Activity:
Make an exact copy of the lines from the one containing "Rough grading for new parking lot" through the end of the records below, and leave out every picture.

Data in this exercise:
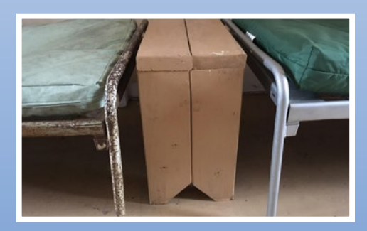
Cots for the cabins - before and after!
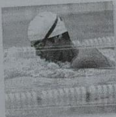
2. He's swimming
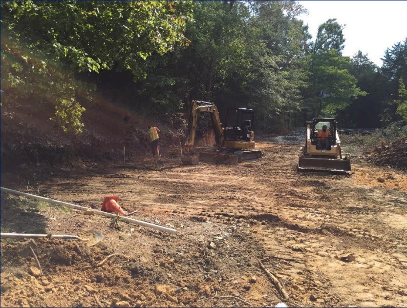
Rough grading for new parking lot
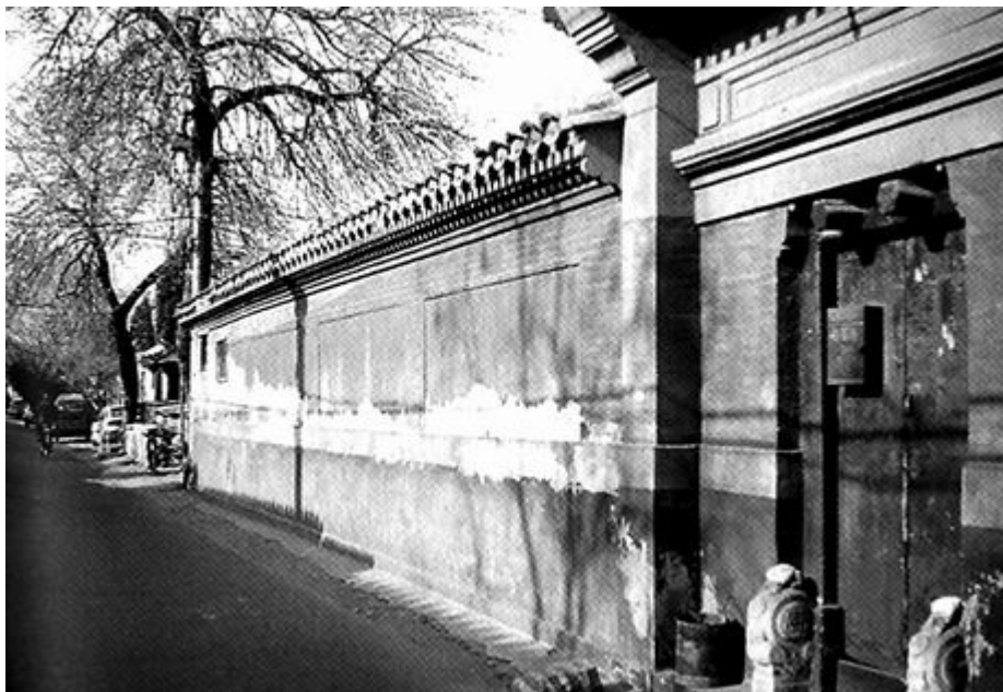
Green 's problem

Beijing hutong is green to turn the system not integrity. Existing have some ancient trees, but, protect not good. Because hutong the width is not enough, be in need of green turn with the ground.
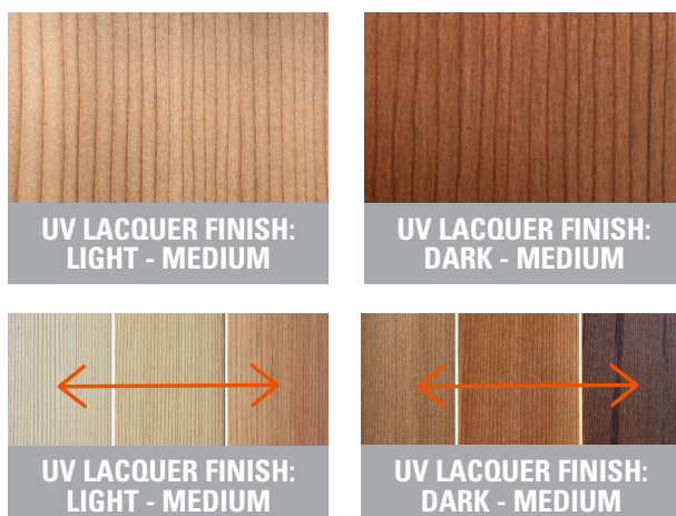
Image above depicts naturally occurring variance in Light-Medium Timber.

Vertilux UV Lacquer Finish undergoes the same process as the Oil Finish, however, the latest in UV protection lacquer is used. During the manufacturing process the slats are evenly graded and vacuum coated in a single pass to ensure all four sides of each slat have a completely even finish.
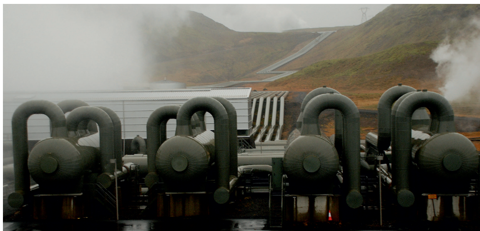
Photo 2. Hellisheiði Geothermal Power Station, Iceland

GE is often presented to the public as almost without any substantial environmental impacts, apart from direct modifications of the physical landscape with construction. However, its landscape impacts related to environmental issues are considerable too (KRISTMANNSDÓTTIR, H. and ÁRMANNSSON, H. 2003). Especially the use of high-enthalpy fields entails a range of negative consequences, some of which can affect landscape quality in a less direct way. Stability of hillsides can be weakened by thermal changes in the soil and landslides have oc-
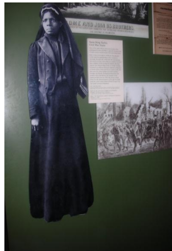
Susie King Taylor
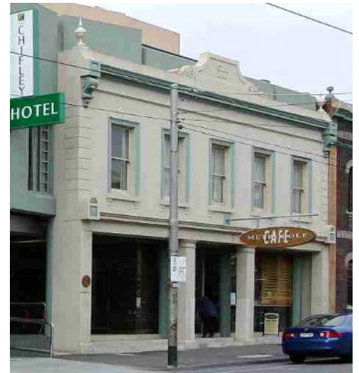
44-46 Brunswick St. today
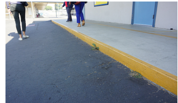
Steep curbs around campus.
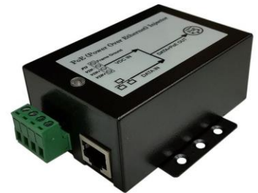
TP-DCDC-1248M (Metal Enclosure)
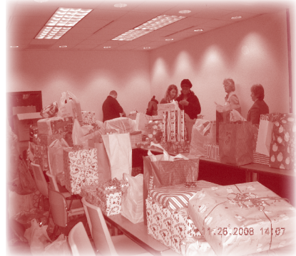
A roomful of cheer!
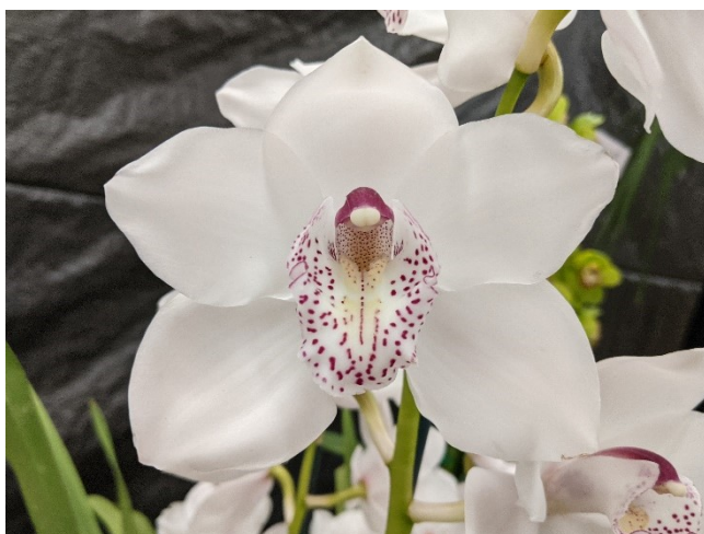
Cym. Kulnura Venus 1 st Place in Class 1

Sadly, examples in these latter two classes were particularly lacking, with only one of each exhibited. The full results from the show are provided over the next few pages.
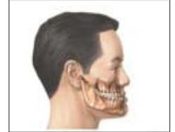
Patient with Underbite

Please note: Refer back to questions 1,2,8,9,10,11 & 12. If they are answered YES, please explain below. Also, describe any other medical problems not yet covered.
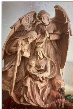
Chez Claudine Plainville, MA
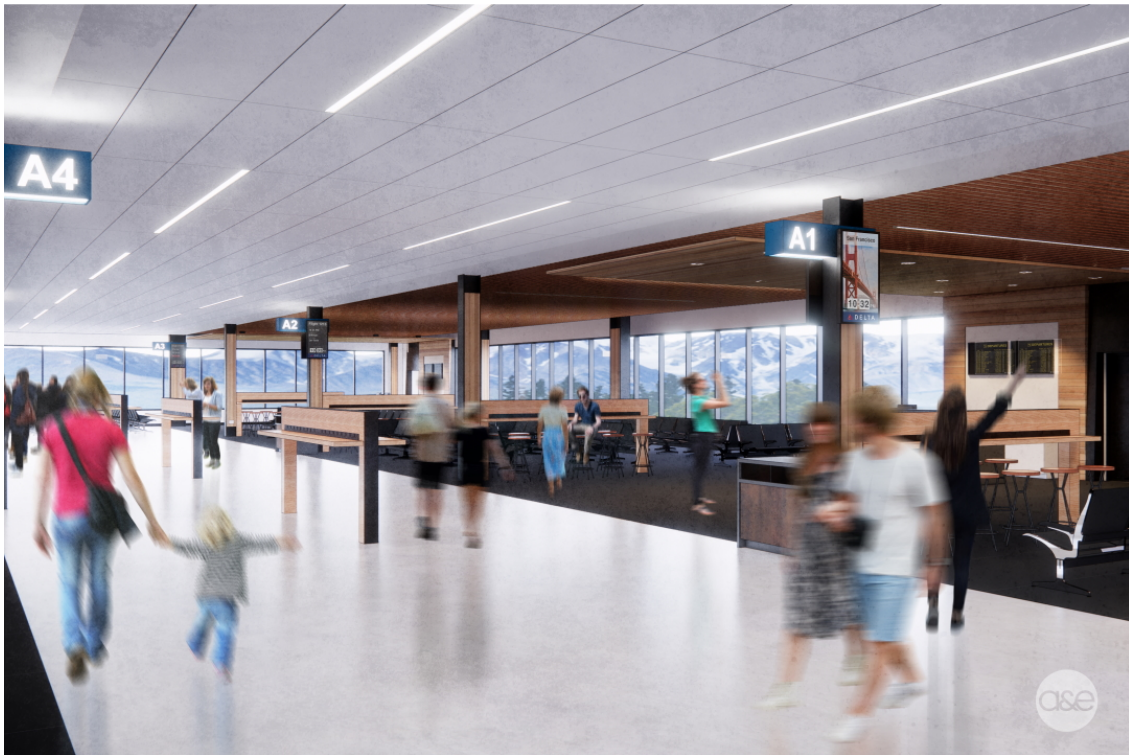
Second level concourse and gate area
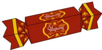
"Sha paytuny" cream filled chocolate sweets (240g)

Response:
Rough grading for new parking lot
Green 's problem

Beijing hutong is green to turn the system not integrity. Existing have some ancient trees, but, protect not good. Because hutong the width is not enough, be in need of green turn with the ground.
Image above depicts naturally occurring variance in Light-Medium Timber.

Vertilux UV Lacquer Finish undergoes the same process as the Oil Finish, however, the latest in UV protection lacquer is used. During the manufacturing process the slats are evenly graded and vacuum coated in a single pass to ensure all four sides of each slat have a completely even finish.
Photo 2. Hellisheiði Geothermal Power Station, Iceland

GE is often presented to the public as almost without any substantial environmental impacts, apart from direct modifications of the physical landscape with construction. However, its landscape impacts related to environmental issues are considerable too (KRISTMANNSDÓTTIR, H. and ÁRMANNSSON, H. 2003). Especially the use of high-enthalpy fields entails a range of negative consequences, some of which can affect landscape quality in a less direct way. Stability of hillsides can be weakened by thermal changes in the soil and landslides have oc-
Susie King Taylor
44-46 Brunswick St. today
Steep curbs around campus.
TP-DCDC-1248M (Metal Enclosure)
A roomful of cheer!
Cym. Kulnura Venus 1 st Place in Class 1

Sadly, examples in these latter two classes were particularly lacking, with only one of each exhibited. The full results from the show are provided over the next few pages.
Patient with Underbite

Please note: Refer back to questions 1,2,8,9,10,11 & 12. If they are answered YES, please explain below. Also, describe any other medical problems not yet covered.
Chez Claudine Plainville, MA
Second level concourse and gate area
"Sha paytuny" cream filled chocolate sweets (240g)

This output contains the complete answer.